Start of Block

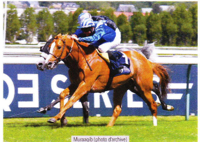
Muraaqib (photo d'archive)

un bon poulain récent deuxième des Jebel Ali Racecourse Za'abeel International Stakes (Gr1 PA) à Newbury, pour le même entraînement et la même casaque.
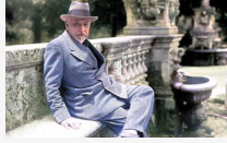
Il testamento - Capitolo 2. Non so come ad di essere

Di Pietro Sedià. In certi momenti di silenzio interiore, scriveva Pirandello, in cui l'anima nostra si scaglia di tutto lo fardello dell'altro, e gli occhi nostri diventano più acuti e penetranti, noi vediamo noi stessi nella vita e in sé stessa la vita quasi in.
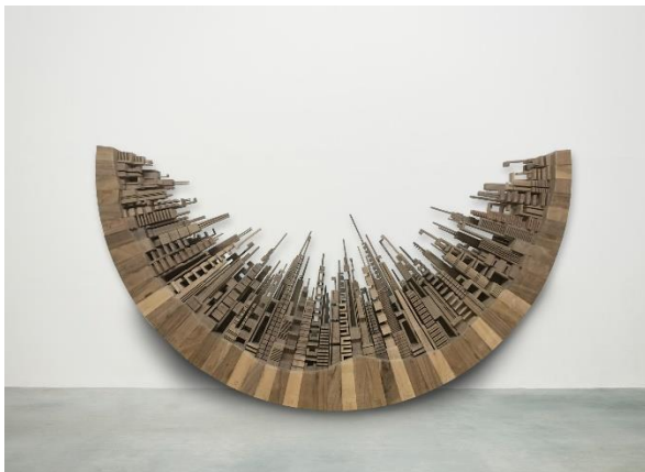
『コンポーザー（平穏）』

一点ものとなるこれらの作品にはジェームス・マクナブの署名が入っており、品質証明書が付属しています。
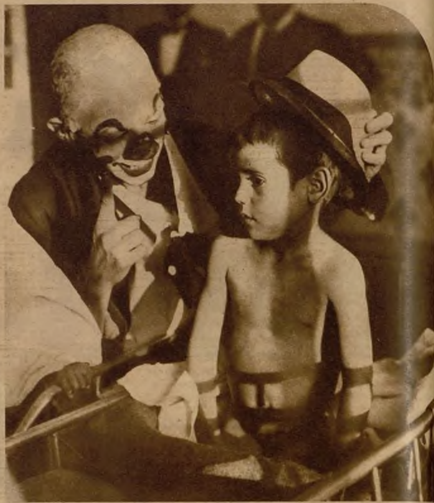
A los desgraciados enfermitos de San Rafael les parece que han llegado los Reyes antes de tiempo. Tienen aquí unos muñecotes grandes, que se ríen y los hacen reír
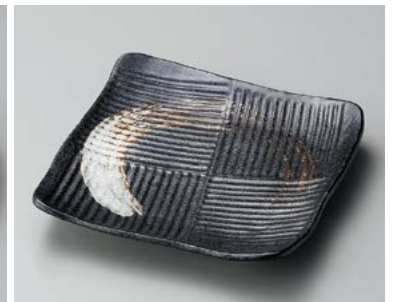
タ183-267 黒刷毛笹舟四角皿 20×20×3.8cm (20入・磁) 1,300円
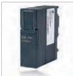
EIB 300, 用于Twisted Pair EIB/KNX的 通讯模块
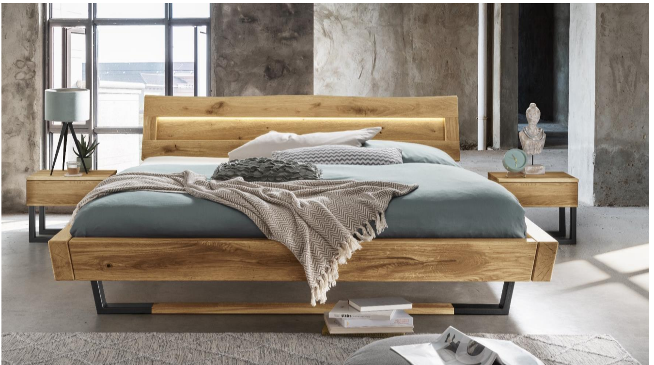
Balkenbett 817 Wildecke + Kiefer natur geölt
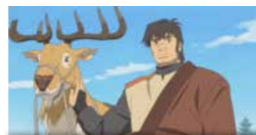
Mer 12 octobre 14h Dim 16 octobre 14h15

Van, ancien guerrier valeureux, est devenu esclave dans une mine de sel. Une nuit, celle-ci est attaquée par des loups porteurs d'une mystérieuse peste. Seuls rescapés du massacre, Van et une fillette, Yuna, parviennent à s'enfuir. Hohnalle, un prodige de la médecine, est mandaté pour les traquer afin de trouver un remède.
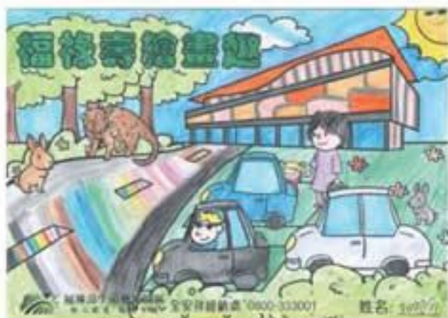
福祿壽繪畫趣 / 李昀翰
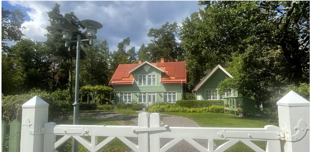
F.d. sommarvilla Lidingö 9:110.
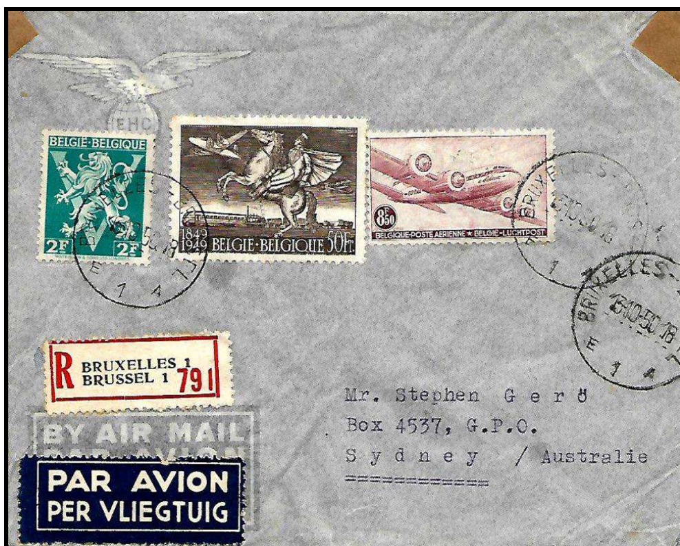
Fig. 3 : Une lettre recommandée du 13.10.1950 de BRUXELLES 1 à SYDNEY.

Une autre lettre recommandée part de BRUXELLES 1 le 13 octobre 1950 à destination de SYDNEY (Australie). Elle est affranchie correctement à 60,50 Fr pour une lettre de plus de 20 gr, au 5 ème échelon aérien, soit 4,00 + 2,50 Fr pour un DOUBLE PORT + 4,00 Fr pour la recommandation et 5 x 10 Fr pour un 5 ème échelon aérien (fig. 3).
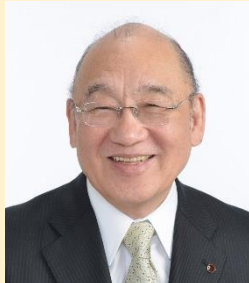
荒井 正吾 （奈良県知事）
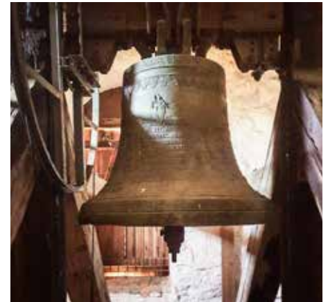
Vid Slöinge kyrkas 200-års jubileum ville många besökare titta på kyrkklockorna.

För att förhindra det gömdes ibland klockorna undan, ofta tillsammans med kyrksilvret. Men det var inte alltid det gick som det var tänkt. Det berättas till exempel att lillklockan i det som då kallades S:t Johannes kyrka i Abild på 1500-talet gömdes undan i närliggande Lillsjön för att inte dras in till kronan. Men av någon anledning försvann klockan i djupet och saknas
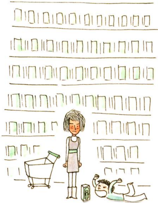
Une maman qui disait « Non, non, non » puis « Oui » quand même
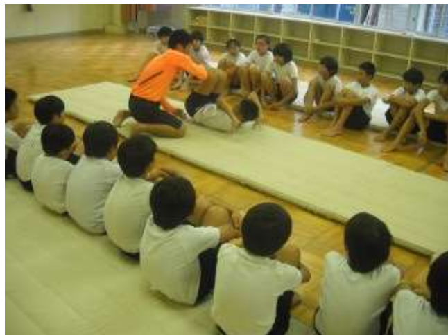
体育でのマット運動
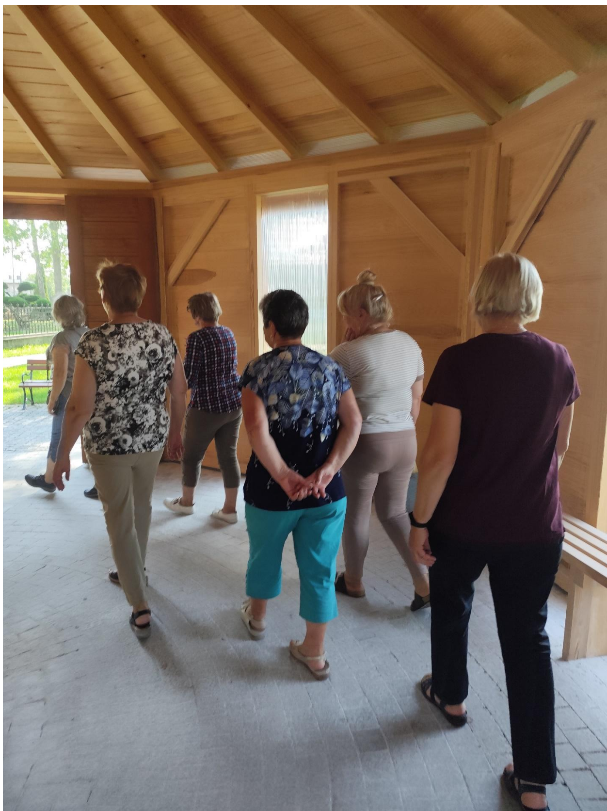
Haloterapia w tężni solankowej w Latowiczu
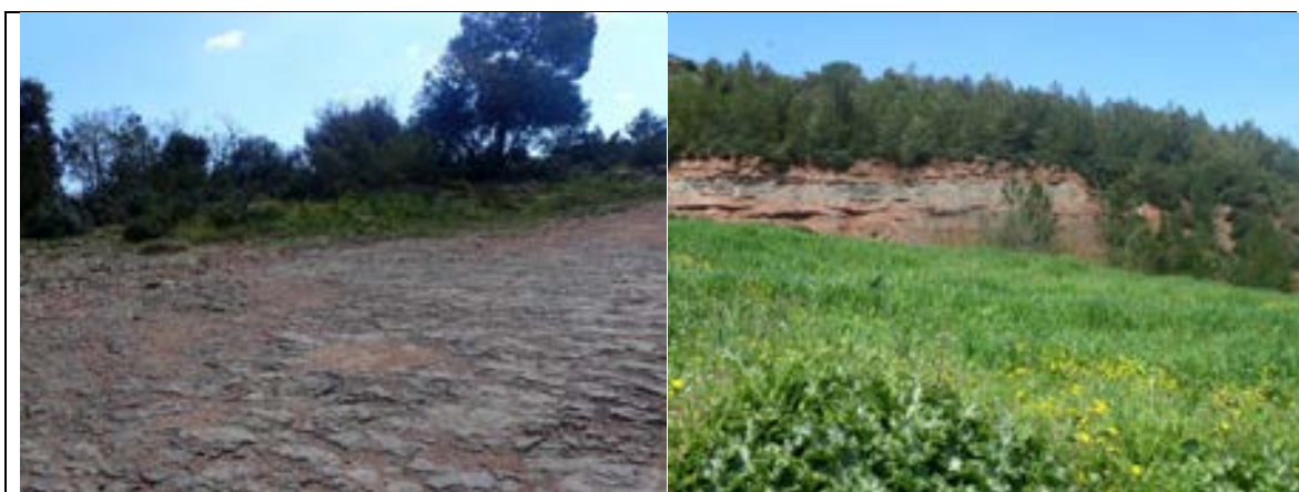
FOTOGRAFIA 9. PARADA 5 Aflorament de nivells de gresos carbonatats de la Formació Artés . Fonollosa

En aquest trajecte, hem anat trobant afloraments dels materials calcolutítics de la Formació Artés (que aquí pertany a l'Eocè). Així, hem vist nivells de calcolutites i de gresos de tonalitats rogenques. També hem trobat. En arribar al pla, un nivell de materials carbonatats, intercalats entre els anteriors. Per sobre aquests materials carbonatats discorre el camí, en arribar al començament del pla, i també es fa força palès a l'esquerra del camí, al Nord del mateix. FOTOGRAFIES 9 i 10.
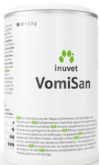
Tabletten voor allesvreters
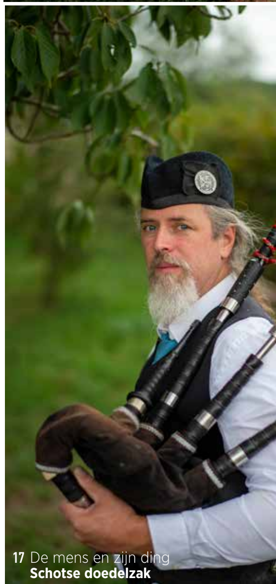
17 De mens en zijn ding Schotse doedelzak

VERDELING RandKrant oktober wordt bus-aan-bus verdeeld in Grimbergen, Vilvoorde, Machelen, Zaventem, Kraainem, Wezembeek-Oppem, Tervuren, Overijse en Hoeilaart.
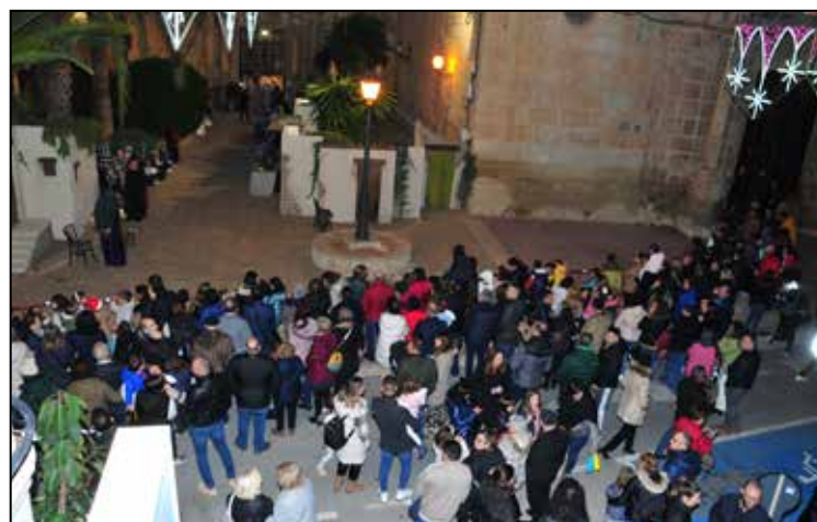
Celebració del Betlem Vivent

Nadal, que també es trobava a l'interior del Pavelló Esportiu Municipal.
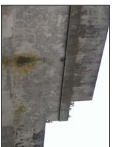
Garajes en fachada posterior
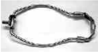
Harfe, messing / Harp, brass
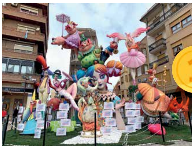
Primer premio Falla Plaza Puerta del Sol.
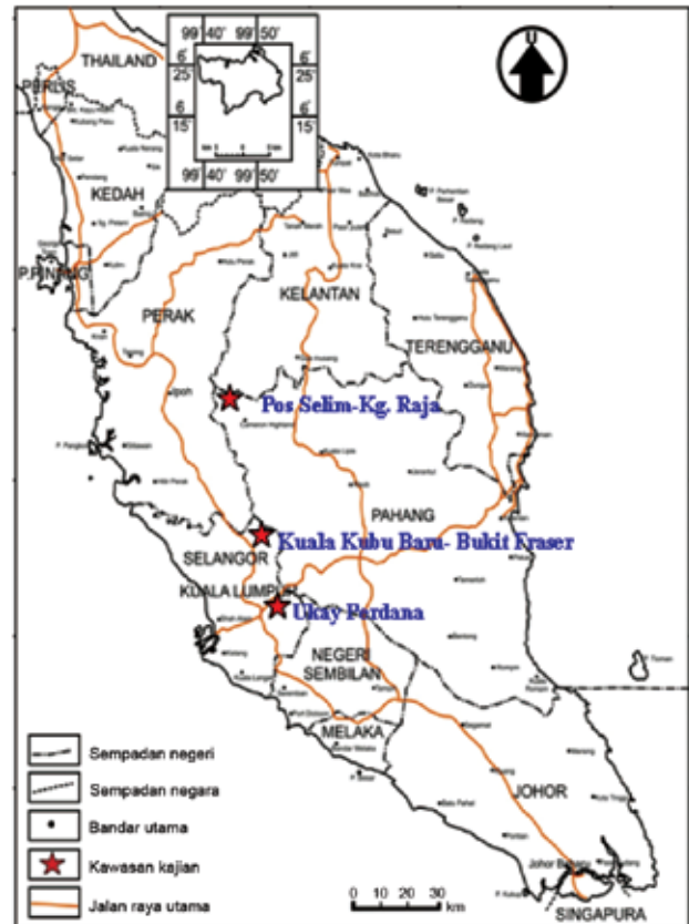
RAJAH 1. Lokasi kawasan kajian

Jalan Pos Selim-Kg Raja (km18-19, 21-24, 25-26) Batuan metamorf kawasan kajian berusia Ordovisi – Silur dan berasal daripada sedimen klastik seperti syal dan batu pasir
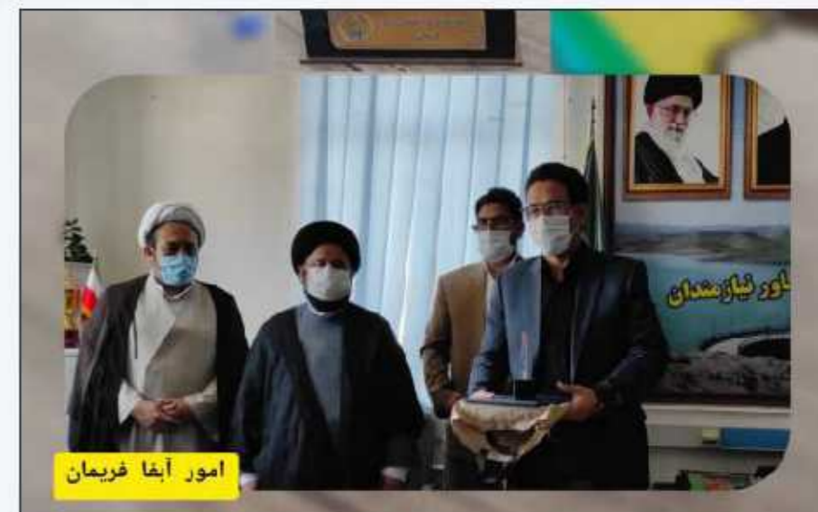
امور آبفا فریمان

با توجه به مشکل آب شرب مجتمع زوباران مشتمل بر ۱۱
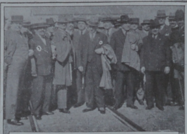
Los gerentes de Bancos argentinos rodeados de numerosos amigos al ser recibidos en el puerto para comenzar los festejos en su honor
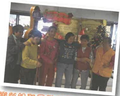
樂齡組學員與老友！
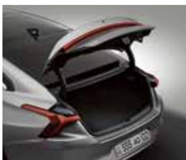
Автоматты түрде ашылатын электрлік қауіпсіз жүк салғыш
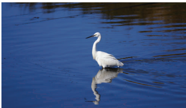
ESTUÁRIO DO CÁVADO
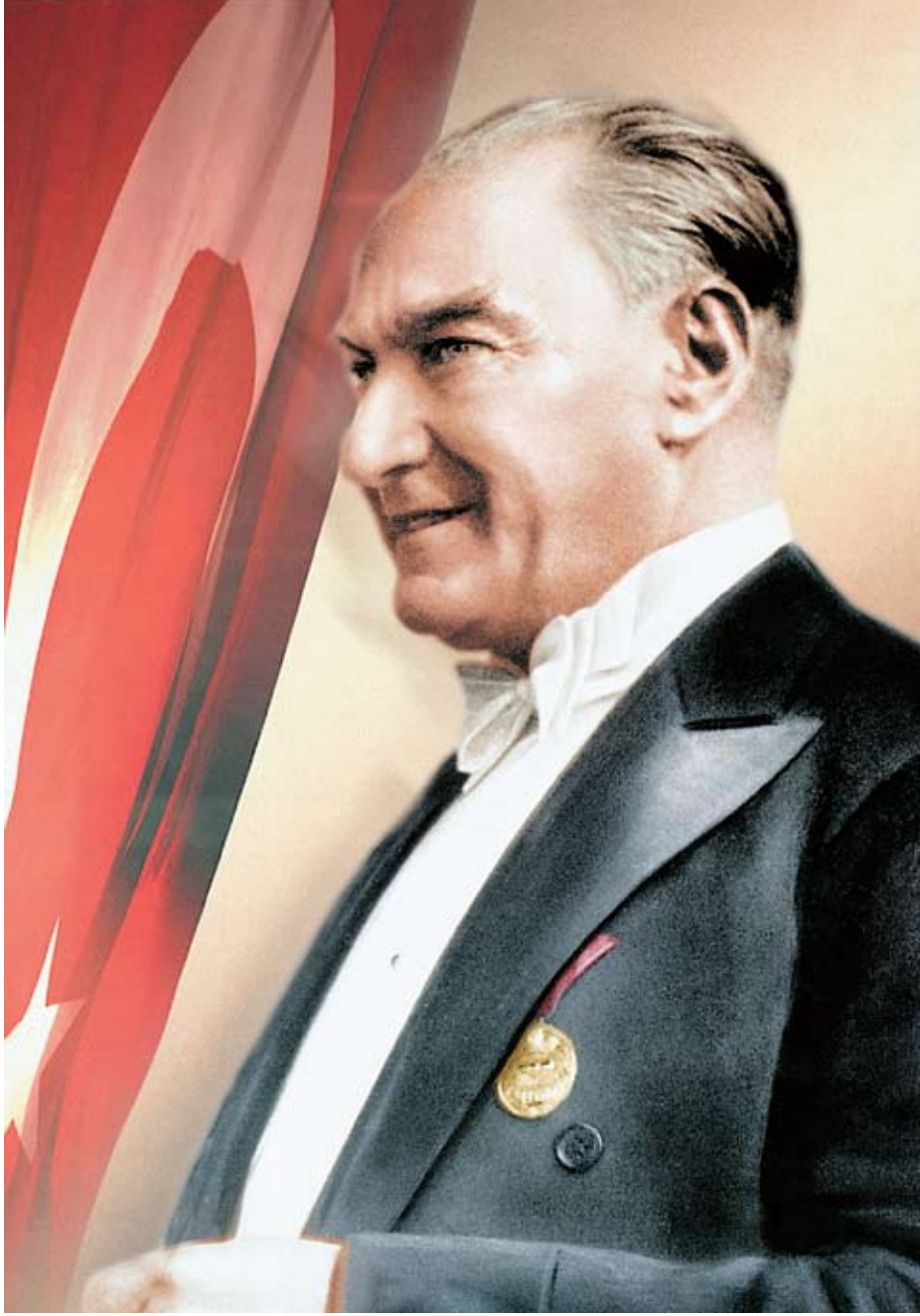
Mustafa Kemal ATATÜRK

End of Block

Task instructions:
Give again, word for word, each line from the one holding "Автоматты түрде ашылатын" through the end of the entries, and leave out any picture.

Your response:
Автоматты түрде ашылатын электрлік қауіпсіз жүк салғыш
ESTUÁRIO DO CÁVADO
Mustafa Kemal ATATÜRK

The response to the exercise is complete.